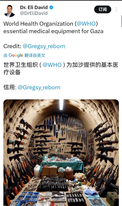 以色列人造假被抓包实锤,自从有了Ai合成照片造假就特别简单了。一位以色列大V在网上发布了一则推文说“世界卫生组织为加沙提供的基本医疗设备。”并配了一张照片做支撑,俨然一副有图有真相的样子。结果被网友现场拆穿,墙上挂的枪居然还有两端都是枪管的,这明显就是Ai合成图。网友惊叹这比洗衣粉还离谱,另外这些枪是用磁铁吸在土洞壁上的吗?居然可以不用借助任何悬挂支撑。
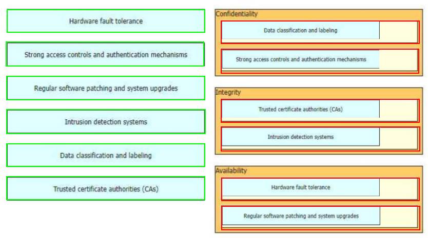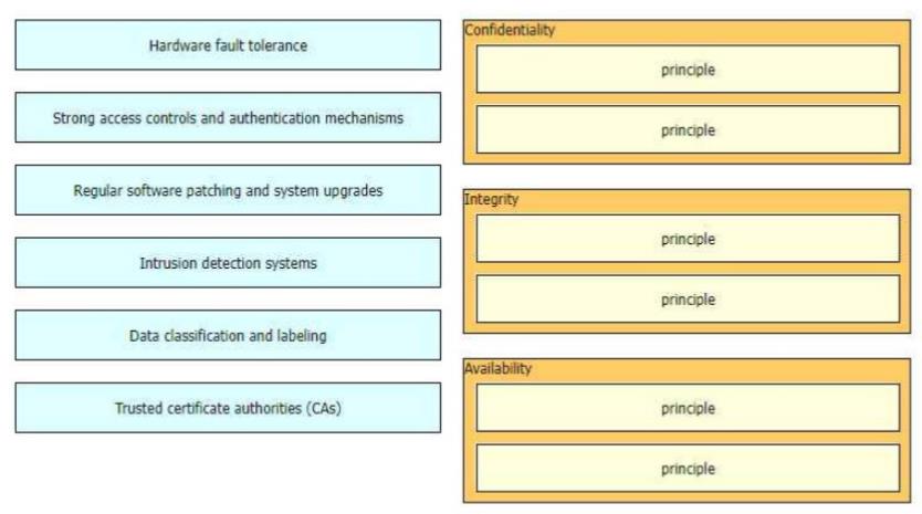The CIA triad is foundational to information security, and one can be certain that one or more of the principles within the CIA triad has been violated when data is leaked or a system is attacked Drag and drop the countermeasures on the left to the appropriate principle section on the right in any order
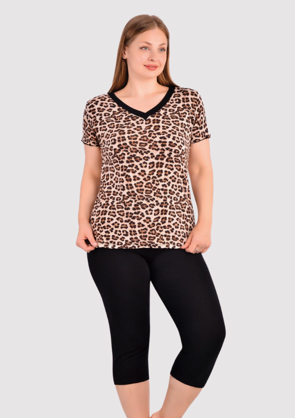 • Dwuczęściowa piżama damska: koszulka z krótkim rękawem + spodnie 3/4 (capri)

☆ ☆ ☆

EXERCISE AIM —
Please give every line above again word for word, apart from the pictures.

EXERCISE RESULT —
 以色列人造假被抓包实锤,自从有了Ai合成照片造假就特别简单了。一位以色列大V在网上发布了一则推文说“世界卫生组织为加沙提供的基本医疗设备。”并配了一张照片做支撑,俨然一副有图有真相的样子。结果被网友现场拆穿,墙上挂的枪居然还有两端都是枪管的,这明显就是Ai合成图。网友惊叹这比洗衣粉还离谱,另外这些枪是用磁铁吸在土洞壁上的吗?居然可以不用借助任何悬挂支撑。
The CIA triad is foundational to information security, and one can be certain that one or more of the principles within the CIA triad has been violated when data is leaked or a system is attacked Drag and drop the countermeasures on the left to the appropriate principle section on the right in any order
 • Dwuczęściowa piżama damska: koszulka z krótkim rękawem + spodnie 3/4 (capri)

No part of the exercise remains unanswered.